During his tenure, Albright was noted for his work in upholding the Voting Rights Act of 1965 in Huntsville, ensuring the city's compliance with the law, as well as pursuing equity in Alabama legislation. In 1976, Albright was part of successful opposition to the state budget proposed by Governor George Wallace, which Albright said pitted funding for state employees against education, at a time when both departments were in "dire need". Albright advocated for raising taxes to increase funding for both areas. Albright also worked to secure a state grant for video equipment at the media departments of the University of Alabama in Huntsville and Lee High School. In 1983, Albright was redistricted to the 21st district during a special legislative election. The district remained in the Huntsville area and Albright defeated Republican nominee Keith B. Wilson with 54% of the vote in the special election.

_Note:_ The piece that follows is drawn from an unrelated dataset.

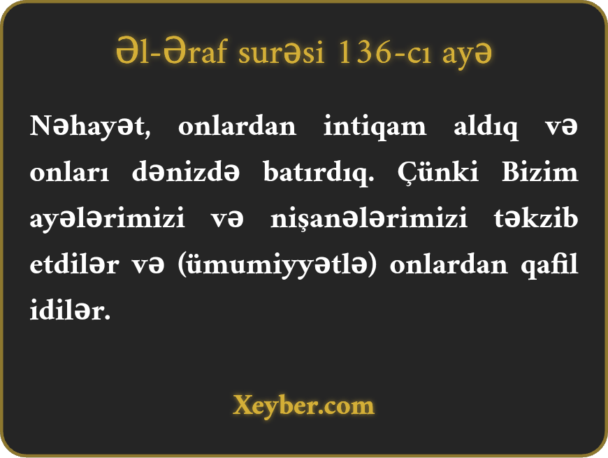 "Nәhаyәt, оnlаrdаn intiqаm аlıb dәnizdә qәrq еtdik. Çünki аyәlәrimizi tәkzib еtdilәr vә оndаn qаfil оldulаr.”

Albright served as a delegate from Alabama to the 1984 Democratic National Convention. In 1986, Albright lost a Democratic primary challenge to former representative Dewayne Freeman, unseating him. In 1990, Albright attempted to mount a comeback when he challenged state senator Bill Smith in the Democratic primary. Albright was financially supported by the Alabama Education Association and a trial lawyers' lobbying group with over $42,000 to his campaign, but lost the election to Smith. After leaving the Alabama Legislature, Albright worked in building engines and was a frequent speaker on civics at Scouting activities.

==Personal life and death==
Albright was married to Joan Hall, who died in 2022; the couple had three children together: Robert, Jr., Joseph, and Cherise. Albright died at his home in Florence, Alabama, on November 27, 2023, at the age of 87.